Efficient Two-stage Processing for Joint Sequence Model-based Thai Grapheme-to-Phoneme Conversion

Publication date: Available online 12 December 2018Source: Speech CommunicationAuthor(s): Anocha Rugchatjaroen, Sittipong Saychum, Sarawoot Kongyoung, Patcharika Chootrakool, Sawit Kasuriya, Chai WutiwiwatchaiAbstractThai grapheme-to-phoneme conversion (G2P) is a challenging task due to its difficulties found by many previous studies. This paper introduces a novel two-stage processing for Thai G2P. The first stage uses Conditional Random Fields (CRF) to segment input text into pseudo-syllable (PS) units, the smallest unit with pronunciation inconfusable. This first CRF simultaneously segments input text into PS units and predicts the function of each character.
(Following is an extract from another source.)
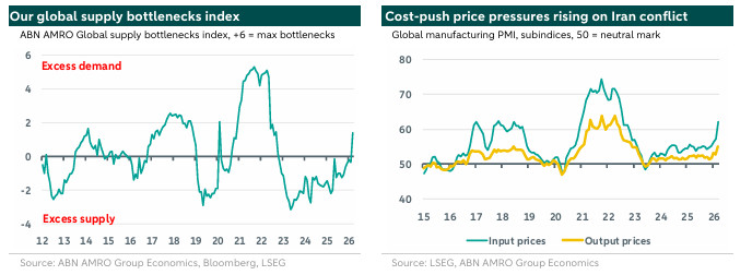 The lengthening of delivery times is just one of the indications of supply disturbances stemming from the Iran conflict. These are so far obviously concentrated in energy-related areas. Still, additional bottlenecks could arise should the ceasefire not hold and/or the conflict re-escalate. Think for instance of the potential closure of the Bab-Al-Mandez Strait – connecting the Red Sea to the Gulf of Aden – by the Iran-affiliated Houthis: this would disrupt global shipping much more broadly than just energy flows. Not surprisingly, our global supply bottlenecks index has risen back to ‘dominant supply bottlenecks/excess demand’ territory. This is not only driven by the lengthier delivery times, but also by the index capturing global supply and demand conditions (the ratio between the EM output index and the DM domestic and export orders index).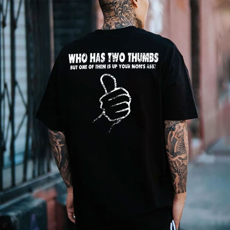 WHO HAS TWO THUMBS BUT ONE OF THEM IS UP YOUR MOM'S ASS Thumb Up Print Men's T-Shirt

Outputs from the first stage are used to efficiently align graphemes and phonemes, forming graphone joint sequences as input for the next stage. The second stage uses another CRF to model the graphone joint sequences. The character function predicted by the first stage is the cue to explicitly solve some critical Thai G2P difficulties such as hidden syllables often appeared in loan words and complicated character ordering. An evaluation is done using a large pronunciation dictionary that covers over 70% of Thai word usage. Experimental results show that 6.55% and 8.43% word error rates (WER) are obtained at the first and the second prediction states, while the overall G2P achieves a 9.94% WER. This is as much as 14.49% absolute improvement from a baseline model using Context Free Grammar (CFG) syllabification and sylla...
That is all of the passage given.